Parallels.—The incident "Bones together" occurs in Rushen Coatie (infra, No. lxx.), and has been discussed by the Grimms, i., 399, and by Prof. Köhler, Or. und Occ., ii., 680.

LXI. THE BLINDED GIANT

Source.—Henderson's Folk-Lore of Northern Counties. See also Folk-Lore.

Parallels.—Polyphemus in the Odyssey and the Celtic parallels in Celtic Fairy Tales, No. v., "Conall Yellowclaw." The same incident occurs in one of Sindbad's voyages.

Remarks.—Here we have another instance of the localisation of a well-known myth. There can be little doubt that the version is ultimately to be traced back to the Odyssey. The one-eyed giant, the barred door, the escape through the blinded giant's legs in the skin of a slaughtered animal, are a series of incidents that could not have arisen independently and casually. Yet till lately the mill stood to prove if the narrator lied, and every circumstance of local particularity seemed to vouch for the autochthonous character of the myth. The incident is an instructive one, and I have therefore included it in this volume, though it is little more than an anecdote in its present shape.

LXII. SCRAPEFOOT

Source.—Collected by Mr. Batten from Mrs. H., who heard it from her mother over forty years ago.

Parallels.—It is clearly a variant of Southey's Three Bears (No. xviii.).

Remarks.—This remarkable variant raises the question whether Southey did anything more than transform Scrapefoot into his naughty old woman, who in her turn has been transformed by popular tradition into the naughty girl Silver-hair. Mr. Nutt ingeniously suggests that Southey heard the story told of an old vixen, and mistook the rustic name of a female fox for the metaphorical application to women of fox-like temper.
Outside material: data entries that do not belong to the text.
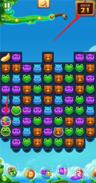 仅剩21步啦,眼下仅有一个豆荚尚未掉落,把魔力鸟消除掉。
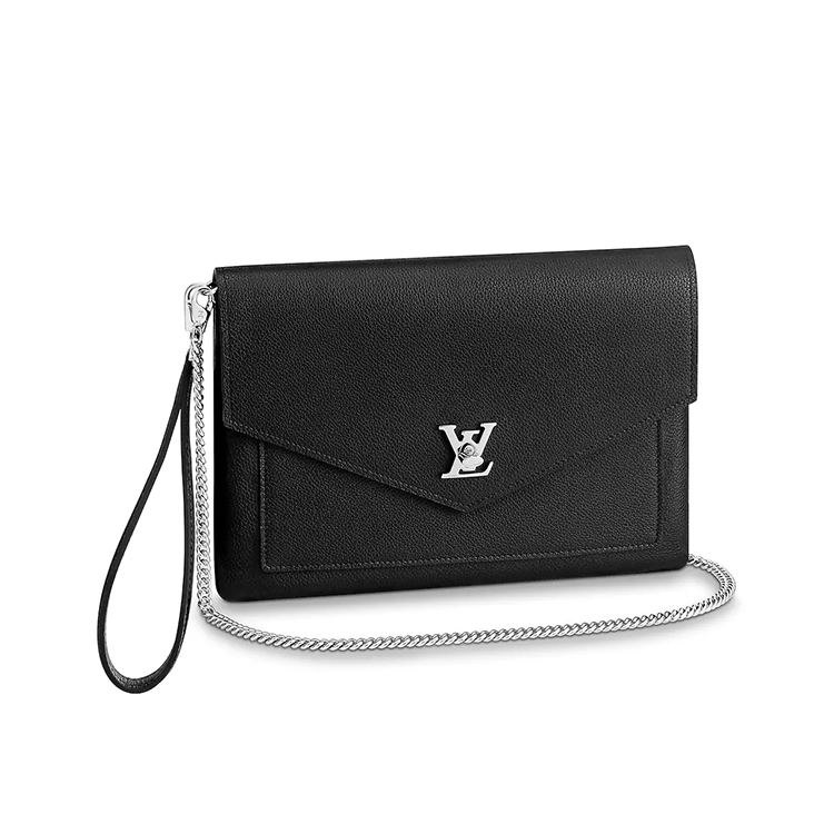 The Pochette Mylockme in supple calf leather is a modern pouch ideal for carrying essentials. Its removable wristlet and chain enable it to be carried in the hand, on the shoulder or across the body. Its envelope-style design and silver-tone LV Initials clasp are signatures of the Mylockme line.
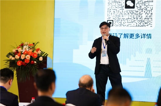 新加坡胜科集团助理副总裁佘利财分享了印尼概况,展示了胜科通过集成综合能源和水务环保技术,提供可靠、可持续运营环境的一体化、高标准园区优势,凸显了绿色、稳定园区生态对企业长期发展的重要性。
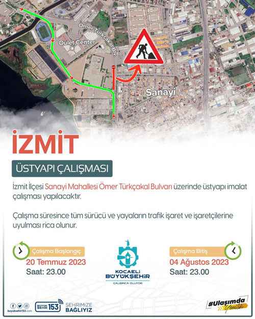 İzmit İlçesi Sanayi Mahallesi Ömer Türkçakal Bulvarı üzerinde üstyapı imalat çalışması yapılacaktır.

Mrs. H.'s version to my mind has all the marks of priority. It is throughout an animal tale, the touch at the end of the shaking the paws and the name Scrapefoot are too volkstümlich to have been conscious variations on Southey's tale. In introducing the story in his Doctor, the poet laureate did not claim to do more than repeat a popular tale. I think that there can be little doubt that in Mrs. H.'s version we have now recovered this in its original form. If this is so, we may here have one more incident of the great Northern beast epic of bear and fox, on which Prof. Krohn has written an instructive monograph, Bär (Wolf.) und Fuchs (Helsingfors, 1889).